◆ **WHAT IS NEEDED**
In the material below, find the line containing "هي غدد دهنية" and the line containing "DISTRESSED TEE / ブラック". Output those two lines and all lines between them exactly, without pictures.

*** PROVIDED ENTRIES Section Begins ***

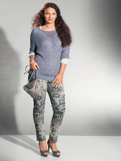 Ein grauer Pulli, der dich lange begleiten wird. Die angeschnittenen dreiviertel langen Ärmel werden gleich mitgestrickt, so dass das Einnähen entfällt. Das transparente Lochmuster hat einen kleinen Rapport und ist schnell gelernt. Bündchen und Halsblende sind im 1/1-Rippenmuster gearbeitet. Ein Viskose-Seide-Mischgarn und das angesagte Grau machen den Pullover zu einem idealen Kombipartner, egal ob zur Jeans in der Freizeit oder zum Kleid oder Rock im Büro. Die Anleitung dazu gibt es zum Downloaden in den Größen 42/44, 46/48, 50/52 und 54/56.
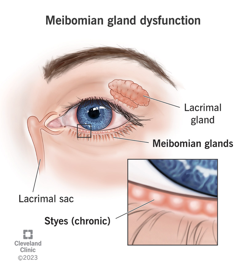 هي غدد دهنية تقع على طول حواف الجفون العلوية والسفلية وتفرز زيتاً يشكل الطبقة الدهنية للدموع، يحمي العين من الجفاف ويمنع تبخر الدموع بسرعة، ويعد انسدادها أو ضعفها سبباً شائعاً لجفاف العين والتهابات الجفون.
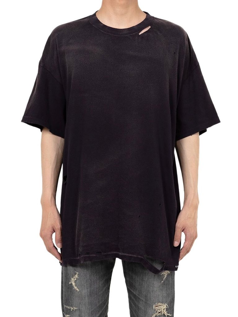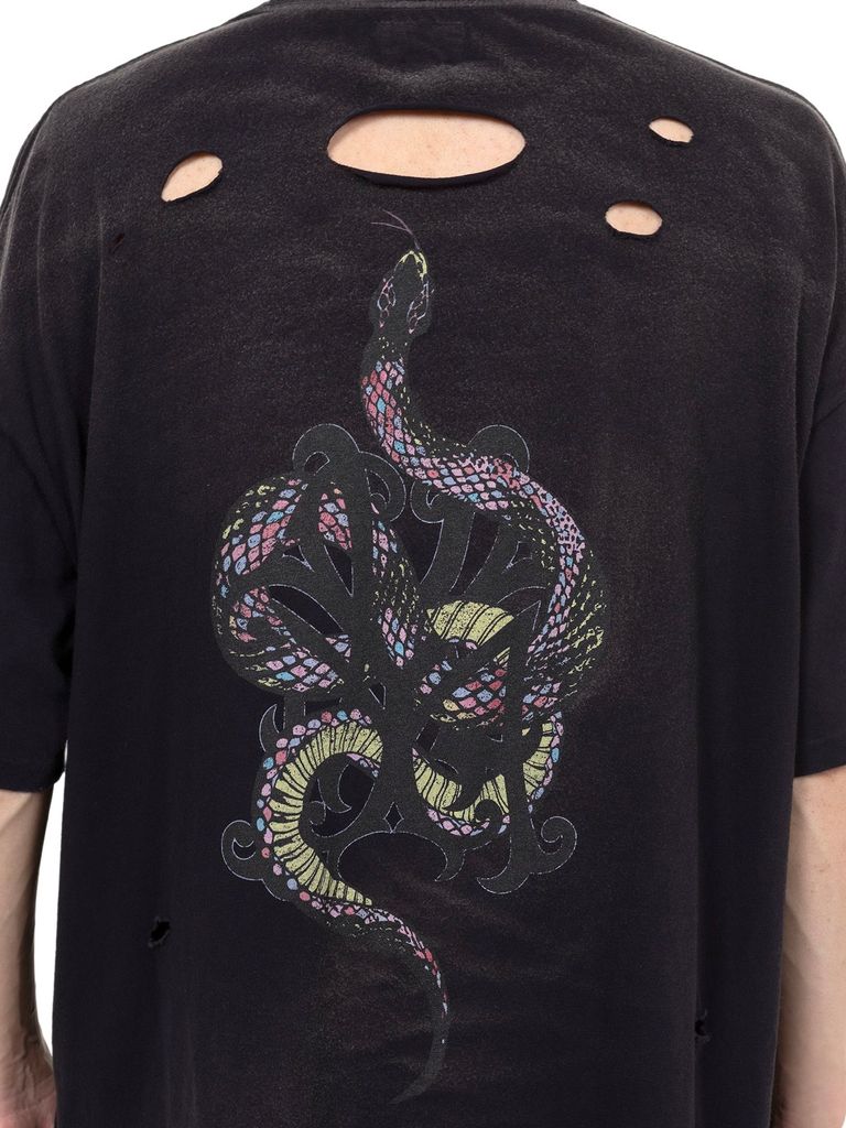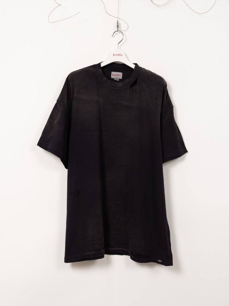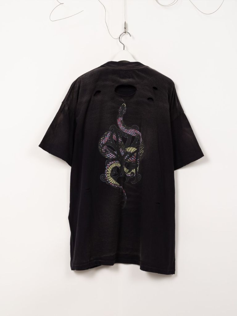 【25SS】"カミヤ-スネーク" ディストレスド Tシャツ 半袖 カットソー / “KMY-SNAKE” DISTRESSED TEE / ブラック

*** PROVIDED ENTRIES Section Ends ***
*** PROVIDED ENTRIES Section Begins ***

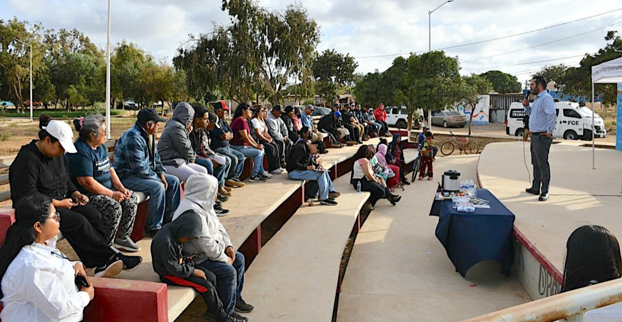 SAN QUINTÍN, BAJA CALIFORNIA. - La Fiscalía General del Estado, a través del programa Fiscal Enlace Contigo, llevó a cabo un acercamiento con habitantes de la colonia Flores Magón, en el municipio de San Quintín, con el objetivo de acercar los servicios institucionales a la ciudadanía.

*** PROVIDED ENTRIES Section Ends ***
*** PROVIDED ENTRIES Section Begins ***

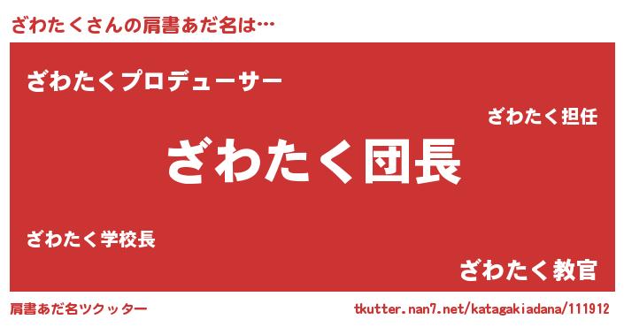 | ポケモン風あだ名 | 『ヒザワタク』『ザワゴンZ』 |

*** PROVIDED ENTRIES Section Ends ***

◆ **WRITTEN SOLUTION**
 هي غدد دهنية تقع على طول حواف الجفون العلوية والسفلية وتفرز زيتاً يشكل الطبقة الدهنية للدموع، يحمي العين من الجفاف ويمنع تبخر الدموع بسرعة، ويعد انسدادها أو ضعفها سبباً شائعاً لجفاف العين والتهابات الجفون.
 【25SS】"カミヤ-スネーク" ディストレスド Tシャツ 半袖 カットソー / “KMY-SNAKE” DISTRESSED TEE / ブラック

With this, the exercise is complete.